GIVEN RECORDS:

□ □ □

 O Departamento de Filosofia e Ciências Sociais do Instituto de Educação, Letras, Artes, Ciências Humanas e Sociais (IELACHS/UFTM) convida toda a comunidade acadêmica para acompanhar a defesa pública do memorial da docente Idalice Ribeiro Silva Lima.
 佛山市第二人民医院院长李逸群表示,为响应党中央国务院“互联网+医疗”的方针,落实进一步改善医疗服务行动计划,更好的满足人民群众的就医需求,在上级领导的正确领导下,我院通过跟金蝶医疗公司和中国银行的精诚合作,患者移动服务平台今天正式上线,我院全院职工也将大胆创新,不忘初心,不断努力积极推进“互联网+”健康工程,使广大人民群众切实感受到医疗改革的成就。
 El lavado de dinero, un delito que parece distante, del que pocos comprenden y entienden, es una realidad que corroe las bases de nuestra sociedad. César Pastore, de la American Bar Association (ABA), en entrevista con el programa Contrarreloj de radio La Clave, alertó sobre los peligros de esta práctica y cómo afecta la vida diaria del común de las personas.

□ □ □

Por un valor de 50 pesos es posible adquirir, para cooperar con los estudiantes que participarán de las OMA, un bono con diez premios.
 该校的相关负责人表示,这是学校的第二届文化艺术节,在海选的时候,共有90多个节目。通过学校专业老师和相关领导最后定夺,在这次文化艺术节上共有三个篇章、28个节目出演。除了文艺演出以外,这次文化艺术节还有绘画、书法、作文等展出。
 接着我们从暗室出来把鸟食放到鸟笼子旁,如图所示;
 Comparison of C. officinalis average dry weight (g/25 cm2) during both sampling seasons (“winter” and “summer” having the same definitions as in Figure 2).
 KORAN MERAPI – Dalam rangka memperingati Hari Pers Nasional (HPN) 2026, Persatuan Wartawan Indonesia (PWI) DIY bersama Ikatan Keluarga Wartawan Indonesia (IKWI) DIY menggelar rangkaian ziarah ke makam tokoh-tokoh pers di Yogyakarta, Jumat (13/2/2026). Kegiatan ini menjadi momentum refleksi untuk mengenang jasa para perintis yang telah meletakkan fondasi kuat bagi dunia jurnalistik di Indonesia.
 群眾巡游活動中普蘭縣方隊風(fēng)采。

□ □ □

Copy the stretch of the records above that runs from the line with "O Departamento de" through the line with "El lavado de". Both end lines belong in the copy, and nothing else does.

TASK RESULT:
 O Departamento de Filosofia e Ciências Sociais do Instituto de Educação, Letras, Artes, Ciências Humanas e Sociais (IELACHS/UFTM) convida toda a comunidade acadêmica para acompanhar a defesa pública do memorial da docente Idalice Ribeiro Silva Lima.
 佛山市第二人民医院院长李逸群表示,为响应党中央国务院“互联网+医疗”的方针,落实进一步改善医疗服务行动计划,更好的满足人民群众的就医需求,在上级领导的正确领导下,我院通过跟金蝶医疗公司和中国银行的精诚合作,患者移动服务平台今天正式上线,我院全院职工也将大胆创新,不忘初心,不断努力积极推进“互联网+”健康工程,使广大人民群众切实感受到医疗改革的成就。
 El lavado de dinero, un delito que parece distante, del que pocos comprenden y entienden, es una realidad que corroe las bases de nuestra sociedad. César Pastore, de la American Bar Association (ABA), en entrevista con el programa Contrarreloj de radio La Clave, alertó sobre los peligros de esta práctica y cómo afecta la vida diaria del común de las personas.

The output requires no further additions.